Following the French Revolution, the new town council decided to acquire a more substantial building for municipal use. The building they selected, on the north side of what is now Place Jules Nadi, was the Couvent des Cordeliers (Convent of the Cordeliers). The convent was established by Aymar VI de Poitiers in June 1252 and was subsequently managed by the Franciscans. It was sacked by the Huguenots in 1562 and then burned down by them in 1567 during the French Wars of Religion. After the convent was confiscated by the state as biens nationaux (for the good of the state), the monks were driven out and it was acquired by the council in 1790.

Although the council initially agreed to meet in part of the former convent, the building was too dilapidated for long term use and, in the late 18th century, the council decided to demolish it and to erect a new building on the same site. The new building was designed in the neoclassical style, built in ashlar stone and was completed in 1802. It was modified in the mid-19th century.

The design involved a symmetrical main frontage of 16 bays facing onto what is now Place Jules Nadi. It was laid out with a central section of two bays, two wings of four bays each and, beyond that, two pavilions of three bays each. The central section and the wings were three storeys high, while the pavilions were four storeys high. The central section featured two doorways with triangular pediments on the ground floor, two French doors and a balustraded balcony on the first floor, and two casement windows on the second floor. The central bay was flanked by banded pilasters supporting an open pediment with a coat of arms in the tympanum. The other bays were fenestrated by casement windows with moulded surrounds. The pavilions were flanked by banded pilasters supporting cornices and pyramid-shaped roofs. Internally, the principal room was the Salle du Conseil (council chamber).
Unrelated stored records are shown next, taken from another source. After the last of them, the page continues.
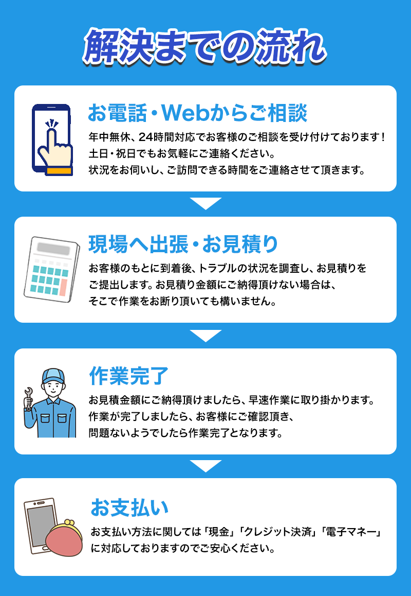 出張や見積もり無料ですのでお気軽にご相談ください。経験豊富なプロが調査し、トラブルの状況を確認しお伝えします。
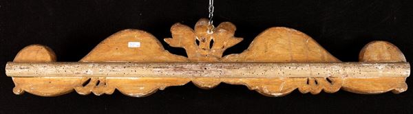 costituito da ampie volute contrapposte con estremità caratterizzate da rosoni; al centro tre frutti
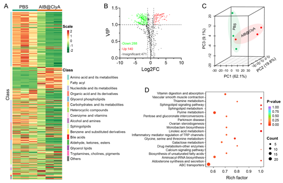 图2. 荷瘤小鼠经AIB@ClyA治疗后肿瘤细胞代谢组学分析。
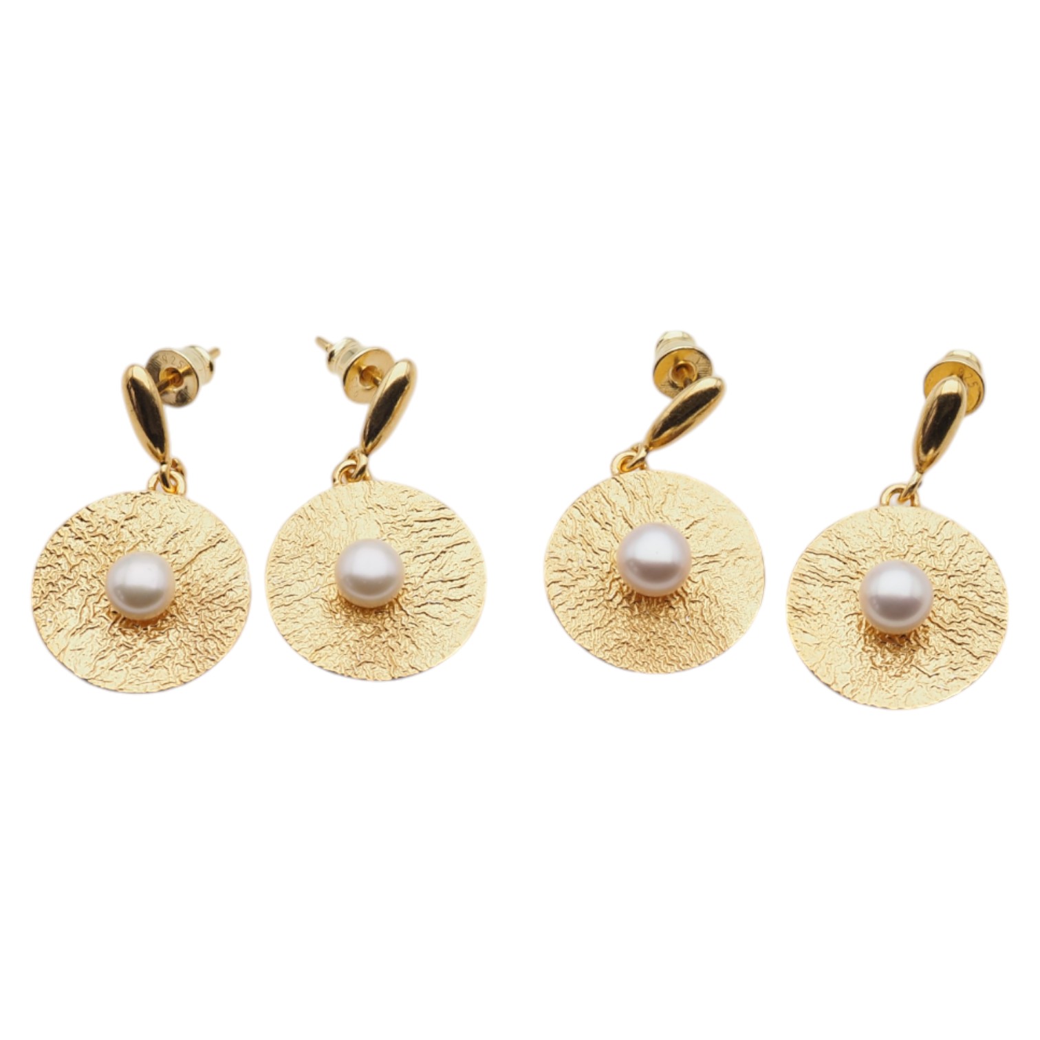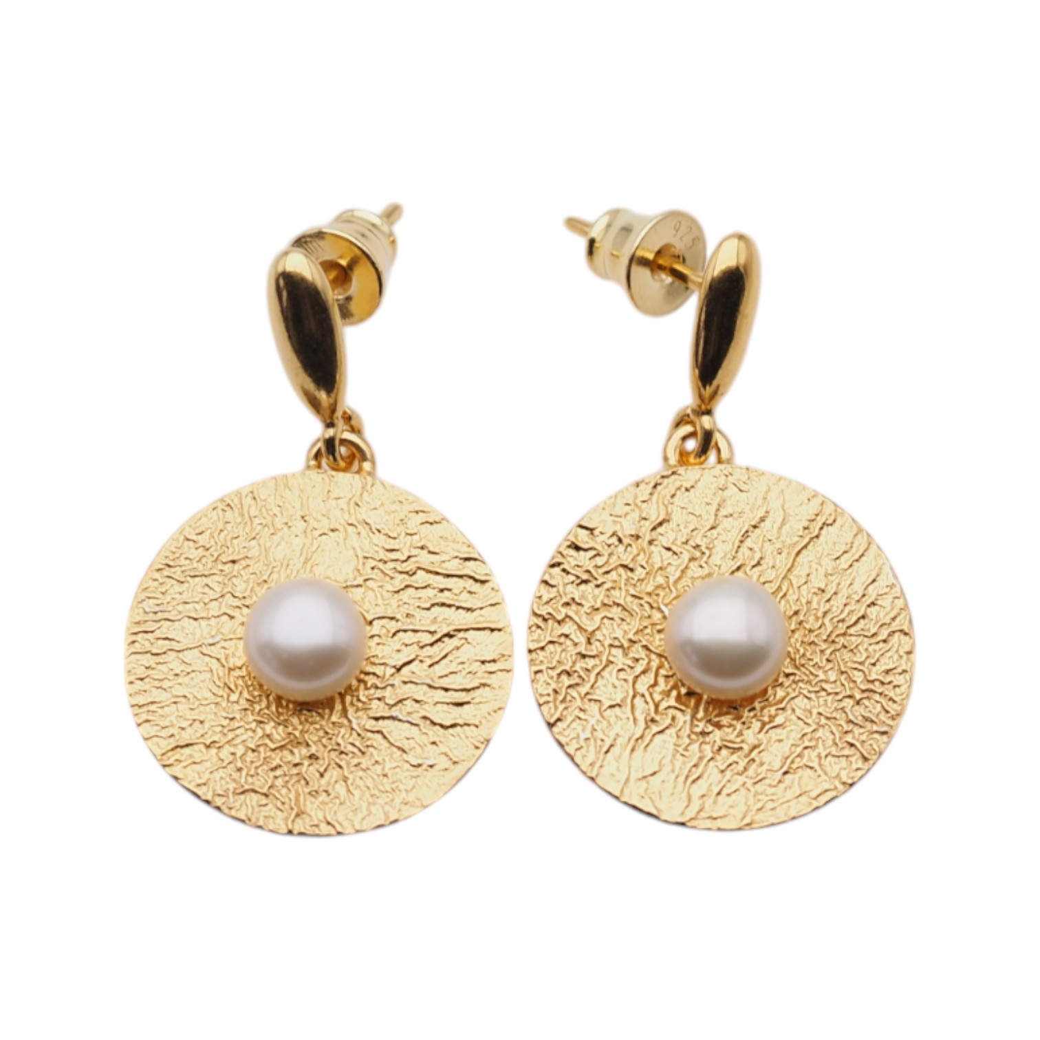 Kolczyki na wiszących sztyftach z białymi Perłami hodowanymi i złoconym srebrem młotkowanym.
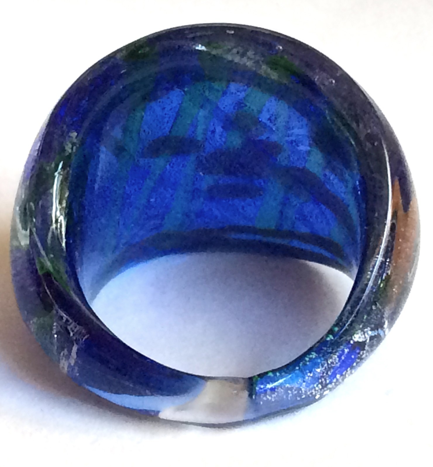 Murano Glass Cocktail Ring Size 9 Blue Green Metallic Dome USA Seller
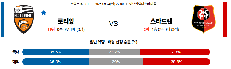 렌은 첫 경기에서 마르세유를 상대로 승리를 따내며 산뜻한 출발을 했습니다. 하지만 전력에 있어 부상과 징계의 이슈가 상당합니다. 알리두 세이두가 장기 부상으로 이탈한 데다가, 릴리앙 브라시에와 크리스토퍼 우가 차례로 빠졌고, 아이트 부들랄은 퇴장으로 징계까지 받아 이번 경기 수비 라인에 큰 공백이 발생하고 있습니다. 이로 인해 원정 경기에서 수비력이 흔들릴 가능성이 적지 않습니다. 그럼에도 루도비크 블라스가 개막전에서 결승골을 기록하며 팀의 에이스로서 확실히 자리 잡았고, 세코 포파나와 무사 알타마리 역시 중원과 측면에서 활발한 움직임을 보였습니다. 렌은 높은 전진 압박과 짧은 패스로 중앙을 장악하는 전술을 즐겨 사용하며 경기의 주도권을 빼앗지 않으려 합니다. 또한 좌측을 중심으로 한 빠른 변속 플레이와 측면을 활용한 공격 기회를 자주 만들어내며, 이는 로리앙과 같은 저블록 수비 팀을 상대할 때 더욱 빛을 발합니다. 다만 다수 수비수들의 부재는 결과적으로 상대 역습에 취약함을 만들 수 있고, 이는 로리앙에게도 희망적인 요소입니다.
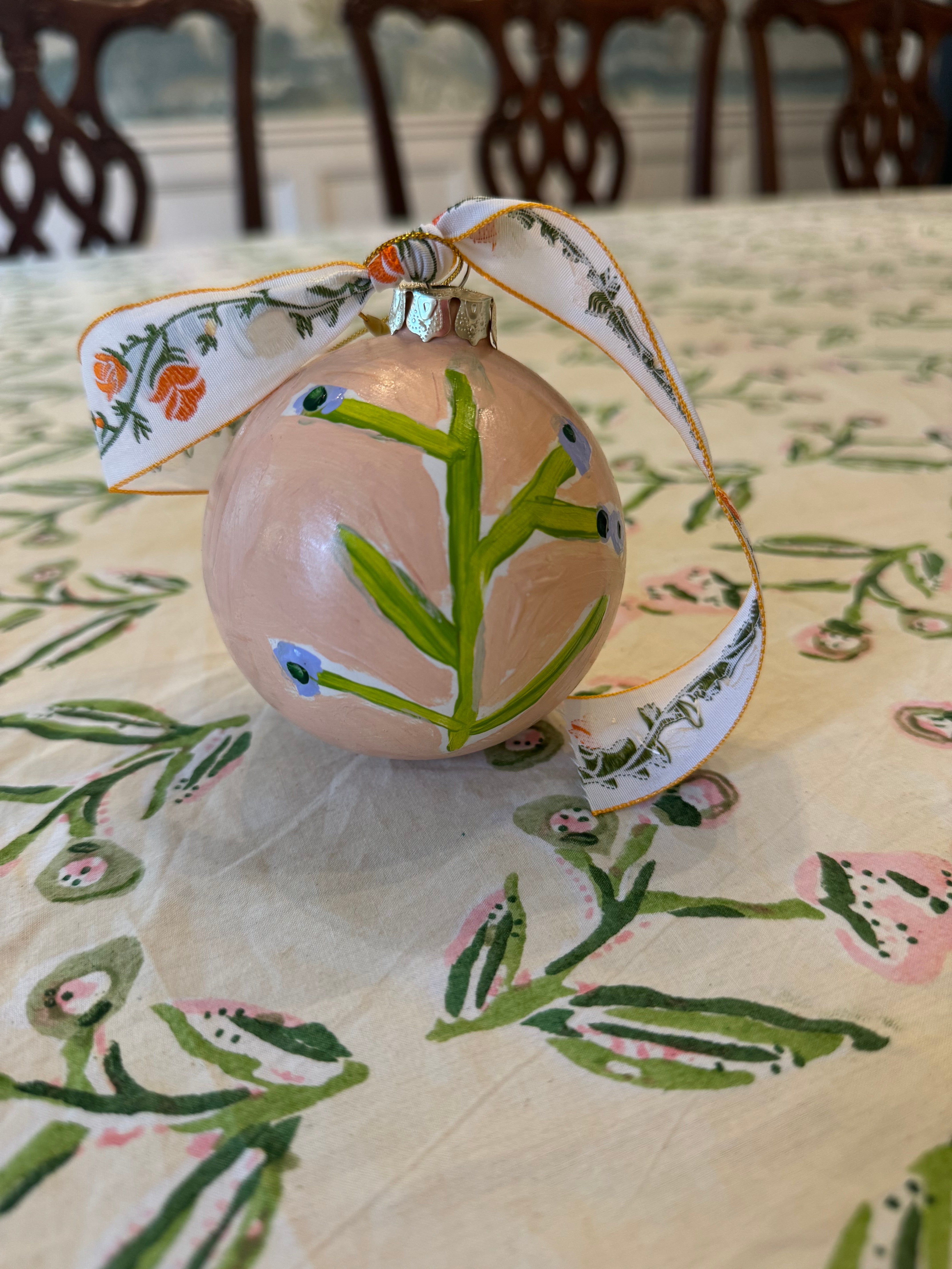 Original, hand-painted, one-of-a-kind ceramic ornament painted by Erin in her signature abstract style with a painterly look and feel. Tied with a coordinating ribbon. Varnished and sealed with a satin finish.
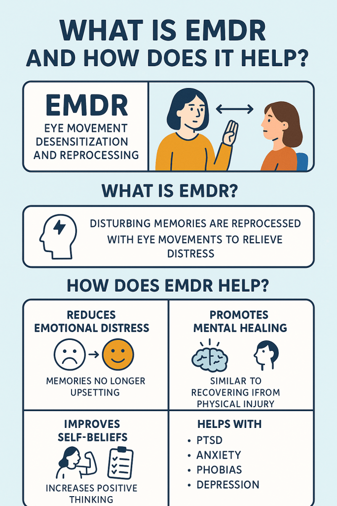 Meera was in a car accident. Even after months, she couldn’t drive without fear and kept dreaming about the crash. After EMDR therapy, her fear reduced, her nightmares stopped, and she could drive comfortably again. Her mind had “reprocessed” the fear to make it manageable.
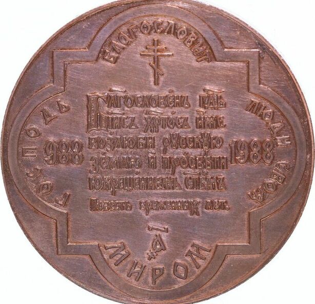 O7026 Russia Russian Medal Millenaire Christianisation Baptème Saint Vladimir
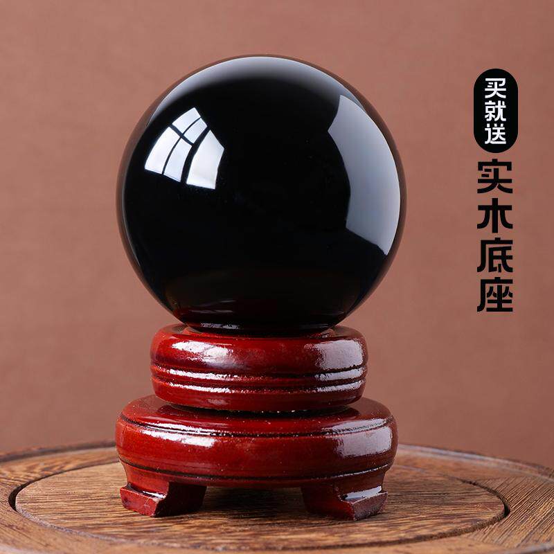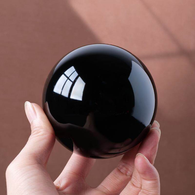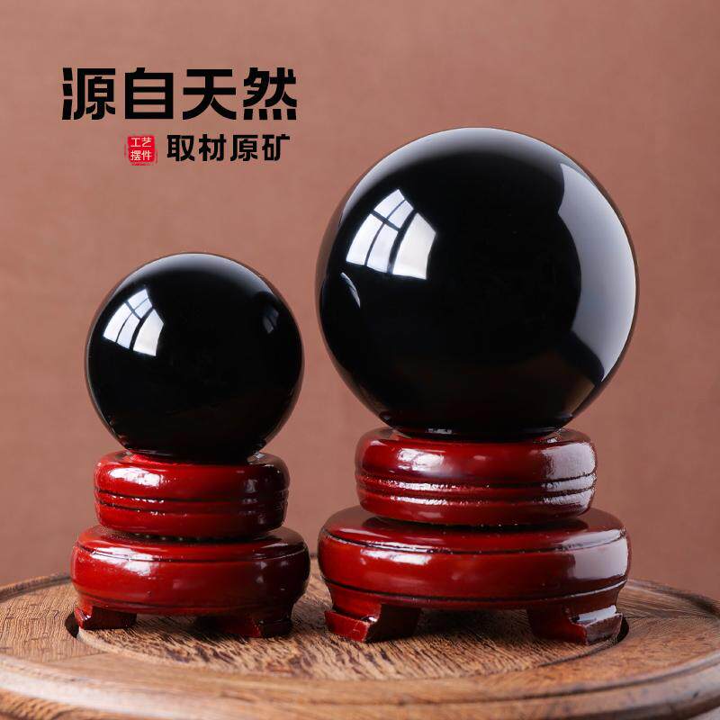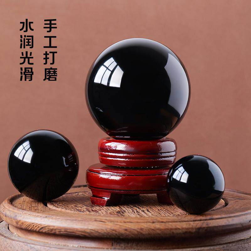水晶球天然黑曜石摆件原矿大号黑色打磨客厅办公室玄关工艺品装饰

On 22 August 1944, during the Second World War, troops of the 12th Cuirassier Regiment together with elements of the Francs-Tireurs et Partisans entered the town and seized the town hall. The council chamber was refurnished with fine woodwork recovered from a former clothing store owned by Parfait Lanaz on Place Jacquemart (now Place Charles de Gaulle) in March 1954. The woodwork was restored by Vallon Faure and the seating reupholstered by Global Concept in 2021.